_AIM OF THE EXERCISE_:
Your answer must be the lines from the one containing "Vernisáž žáků ZŠ" through the last line below, copied exactly, with no pictures.
━━ DATA UNDER STUDY
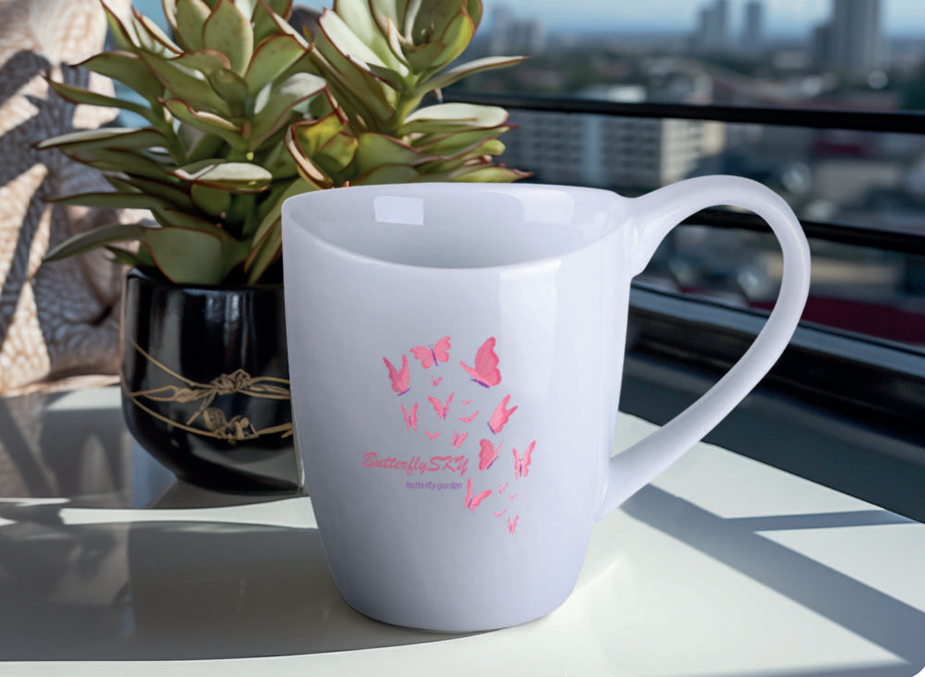
Rico Pure ® 250 ml
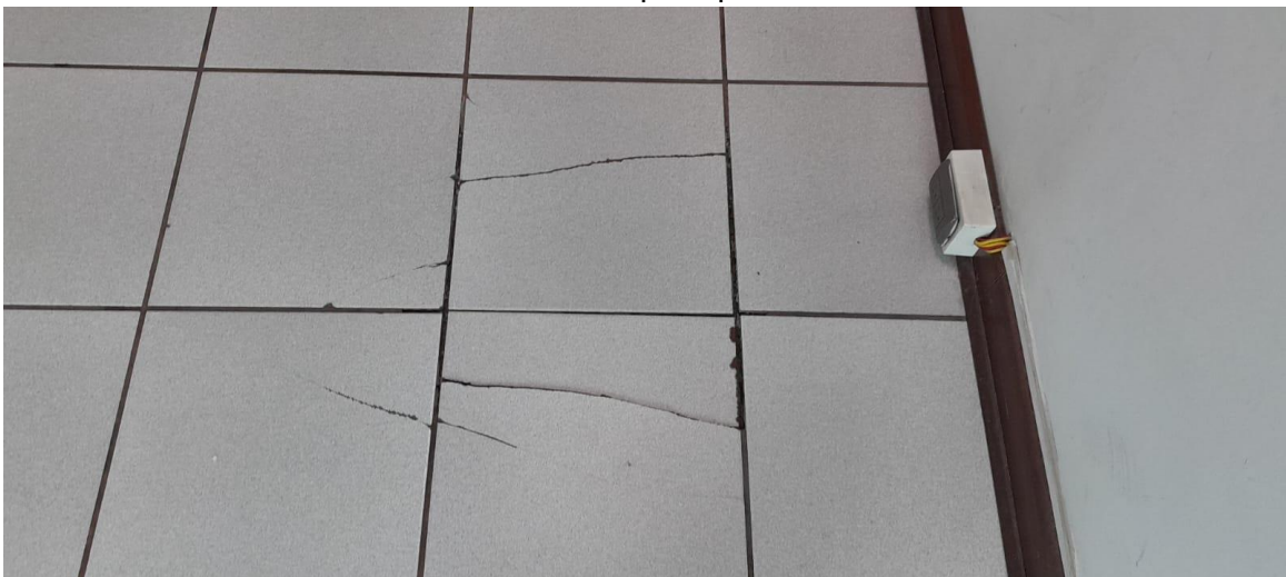
Cambio de cerámicos (10 und)
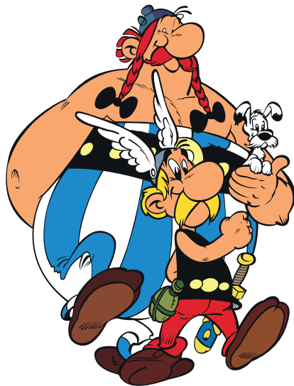
Transparant met wit, kleuren zijn duidelijk door een witte onderlaag. Hierdoor is de sticker op een donkere ondergrond ook goed zichtbaar.
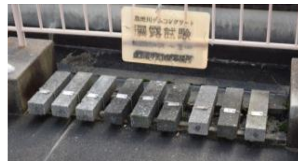
RCDコンクリート 供試体
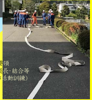
1・2 番員要領 ～ホース延長・結合等 (消防活動訓練)
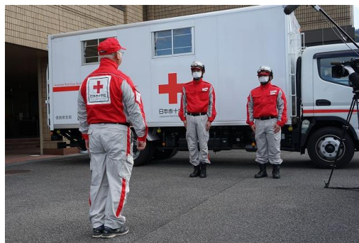
石川県支部に向けての出発式
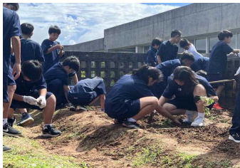
屋上にヘチマを植えました!実るといいなあ。

ぜひ、ご家庭でも将来の夢、卒業後の選択、今頑張りたいこと等を話題にしてください。
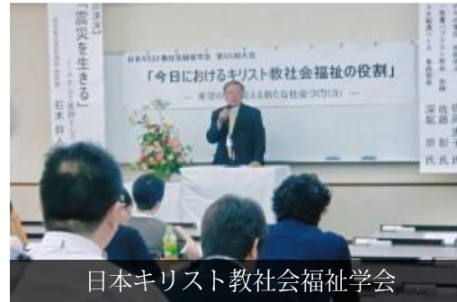
日本キリスト教社会福祉学会
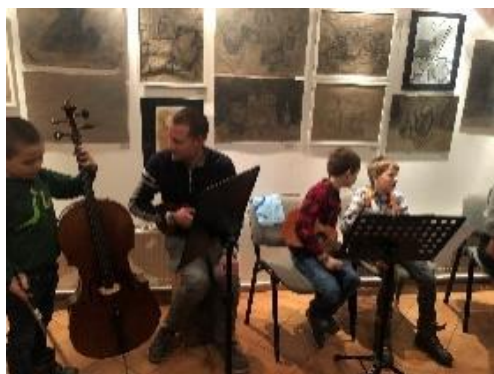
Vernisáž žáků ZŠ TRNKA – „Zatíší“
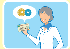
貯まったポイントは現金に交換
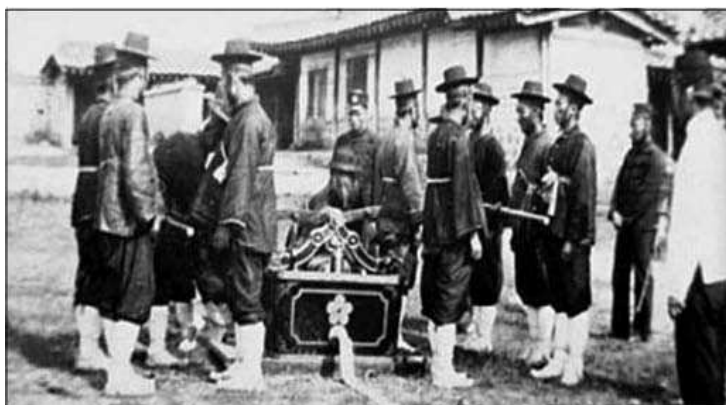
Корейские солдаты из охраны дворца с церемониальным предметом. Ок. 1895 г. Сочетание старой и новой униформы заставляет предположить конец 1894 или 1895 г.
━━━━
_RESULT OF THE TASK_:
Vernisáž žáků ZŠ TRNKA – „Zatíší“
貯まったポイントは現金に交換
Корейские солдаты из охраны дворца с церемониальным предметом. Ок. 1895 г. Сочетание старой и новой униформы заставляет предположить конец 1894 или 1895 г.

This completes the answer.